Рон вздрагивает. Он отчетливо помнит, как пять лет назад посылал Малфою сову с соболезнованиями по поводу скоропостижной смерти его отца.
– А потом стали уходить… наши. Давно был в Хоге, Уизел?
Рон пожимает плечами: дурацкий вопрос! Каждый год – на встрече выпускников.
Малфой уже не лежит на песке: сидит рядом, положив острый подбородок на мосластые коленки, и спрашивает, как о чем-то ужасающе будничном.
– Много осталось слизеринцев нашего выпуска и старше?
Рон пытается вспомнить и понимает, что кроме Забини и нескольких барышень из семей попроще, пожалуй, больше никого из знакомых с Змеиного факультета в памяти и не осталось. Ранний склероз или?..
– Проклятие, Уизел. Медленно действующий яд. Пламенный привет от Темного Лорда – своим недостаточно верным слугам. Он нас ждет. Там. А сводки о происшествиях, аврор Уизли, надо читать внимательнее.
В этот момент Рон отчетливо понимает, что все сказанное Малфоем – правда. И не потому, что таким не шутят: с Хорька станется шутить над чем угодно, такой вот дурной ядовитый хоречьий язык. А потому что с некоторых пор сводки о происшествиях попадают в руки рядовых авроров только со специальной маркировкой Отдела тайн: просмотренные и исправленные. Что-что, а подобные магические закидоны Рон за время своей работы в аврорате научился чуять буквально селезенкой. И теперь ему кажется, что еще никогда в жизни он не прикладывал столько усилий, чтобы не дать голосу дрогнуть на совсем простом вопросе:
– А ты?
Малфой наклоняет голову к плечу, словно раздумывает: стоит ли вообще проговаривать вслух то, что он собирается сказать. Потом все-таки отвечает:
– А я, Уизел, так уж вышло, на сегодняшний день – лучший зельевар магической Британии. Я придумал несколько отличных способов обмануть эту суку, смерть.

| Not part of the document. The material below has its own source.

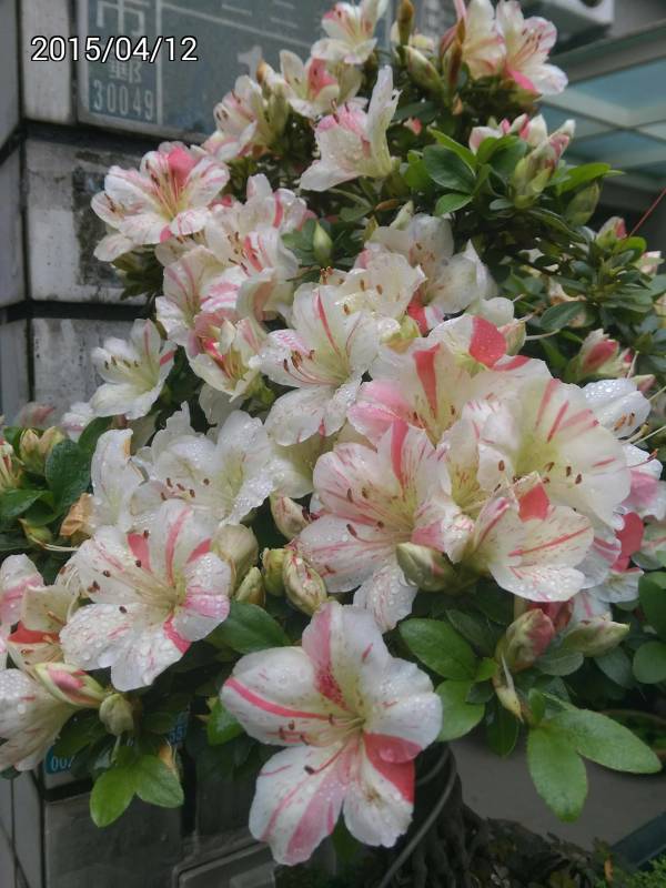 猜測可能是紅花&白花雜交出來的的 雙色條紋杜鵑花

Рон позволяет себе выдохнуть, хотя до сих пор не знал, что исхитрился задержать дыхание на такое долгое время.
– Значит, все… хорошо? – второй вопрос дается ему значительно легче, так же, как и ответ – Малфою:
– Конечно, – легко соглашается Хорек. – Целый год жизни – разве это мало? Самое настоящее чудо.
Рону кажется, что он сейчас сам убьет белобрысую гадину, своими собственными руками, без всяких проклятий.
– То есть как… год?
– Ну… я все-таки не Поттер, чтобы совершать невозможное. Из наших последней ушла Панси, помнишь такую? Продержалась дольше всех – на чистом упрямстве. Три раза была замужем, любовников меняла – как перчатки, даже на Тибет забралась в поисках вечной жизни… И я помог… немного. Все, что смог – на тот момент. Потом… еще одну штуку сварил. Но поздно. Для Паркинсон – поздно.
– А теперь? – Рону кажется, что в горле у него – песок. Целый океанский пляж мелкого горячего песка.
– А теперь… – Малфой пожимает плечами. – Судя по тому, как я себя чувствую в последнее время… И по тому, что выдают моим коллегам сканирующие чары… При бурном приступе оптимизма – месяц. Эй! Ты чего?
Проклятый песок. Рон никак не может вдохнуть: воздуха нет, а слов нет тем более. Во всей проклятой Вселенной – ни одного слова. Это же шутка, Хорек? Скажи, что это шутка!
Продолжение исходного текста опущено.